─── Data supplied ───
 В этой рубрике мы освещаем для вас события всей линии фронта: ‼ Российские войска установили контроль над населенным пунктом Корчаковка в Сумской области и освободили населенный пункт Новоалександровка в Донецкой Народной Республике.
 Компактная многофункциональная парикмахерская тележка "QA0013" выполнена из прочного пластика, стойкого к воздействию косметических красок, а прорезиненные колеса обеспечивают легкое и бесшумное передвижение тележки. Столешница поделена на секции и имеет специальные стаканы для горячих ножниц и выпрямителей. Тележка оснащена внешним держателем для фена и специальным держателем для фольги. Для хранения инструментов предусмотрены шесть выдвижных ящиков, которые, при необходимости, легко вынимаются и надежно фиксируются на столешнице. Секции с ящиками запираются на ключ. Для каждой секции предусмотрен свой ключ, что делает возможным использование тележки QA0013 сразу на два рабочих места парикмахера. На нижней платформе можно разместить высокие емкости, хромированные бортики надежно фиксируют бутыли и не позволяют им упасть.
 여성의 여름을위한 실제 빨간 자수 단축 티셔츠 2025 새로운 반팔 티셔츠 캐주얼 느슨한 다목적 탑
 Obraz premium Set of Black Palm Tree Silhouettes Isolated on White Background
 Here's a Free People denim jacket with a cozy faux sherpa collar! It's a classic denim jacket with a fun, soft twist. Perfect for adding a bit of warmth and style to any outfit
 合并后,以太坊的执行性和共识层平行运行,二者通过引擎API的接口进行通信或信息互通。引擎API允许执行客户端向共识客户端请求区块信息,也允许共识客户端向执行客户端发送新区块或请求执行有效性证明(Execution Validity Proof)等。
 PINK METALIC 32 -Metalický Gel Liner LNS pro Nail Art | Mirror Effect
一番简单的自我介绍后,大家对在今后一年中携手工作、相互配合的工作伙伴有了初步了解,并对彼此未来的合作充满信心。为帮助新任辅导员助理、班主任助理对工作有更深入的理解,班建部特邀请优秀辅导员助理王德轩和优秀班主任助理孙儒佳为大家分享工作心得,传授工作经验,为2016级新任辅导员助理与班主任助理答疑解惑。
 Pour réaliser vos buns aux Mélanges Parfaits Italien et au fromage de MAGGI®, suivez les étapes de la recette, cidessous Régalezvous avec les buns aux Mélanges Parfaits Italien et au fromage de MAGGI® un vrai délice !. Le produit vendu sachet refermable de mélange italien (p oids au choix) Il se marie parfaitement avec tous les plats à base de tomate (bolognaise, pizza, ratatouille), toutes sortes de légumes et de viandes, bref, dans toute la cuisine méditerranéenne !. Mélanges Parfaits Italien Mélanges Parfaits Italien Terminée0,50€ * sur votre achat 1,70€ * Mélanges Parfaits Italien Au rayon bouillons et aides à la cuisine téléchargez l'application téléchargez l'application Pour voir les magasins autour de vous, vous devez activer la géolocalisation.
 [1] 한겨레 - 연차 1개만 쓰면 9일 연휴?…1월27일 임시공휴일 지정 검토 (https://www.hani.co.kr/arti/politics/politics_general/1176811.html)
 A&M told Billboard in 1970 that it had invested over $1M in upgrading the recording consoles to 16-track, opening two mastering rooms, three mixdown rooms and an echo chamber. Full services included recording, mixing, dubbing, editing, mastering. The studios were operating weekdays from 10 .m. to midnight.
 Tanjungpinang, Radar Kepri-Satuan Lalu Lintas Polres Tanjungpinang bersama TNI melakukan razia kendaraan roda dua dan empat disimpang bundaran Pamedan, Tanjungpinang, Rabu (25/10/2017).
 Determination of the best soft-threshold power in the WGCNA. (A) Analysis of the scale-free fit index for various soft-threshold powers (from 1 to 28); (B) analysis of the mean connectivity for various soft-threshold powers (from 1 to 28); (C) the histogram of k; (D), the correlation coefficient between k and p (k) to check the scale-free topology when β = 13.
───
Look over the records above, and wherever a line contains the string "soft", copy that line.

▶ **Reply**
 Here's a Free People denim jacket with a cozy faux sherpa collar! It's a classic denim jacket with a fun, soft twist. Perfect for adding a bit of warmth and style to any outfit
 Determination of the best soft-threshold power in the WGCNA. (A) Analysis of the scale-free fit index for various soft-threshold powers (from 1 to 28); (B) analysis of the mean connectivity for various soft-threshold powers (from 1 to 28); (C) the histogram of k; (D), the correlation coefficient between k and p (k) to check the scale-free topology when β = 13.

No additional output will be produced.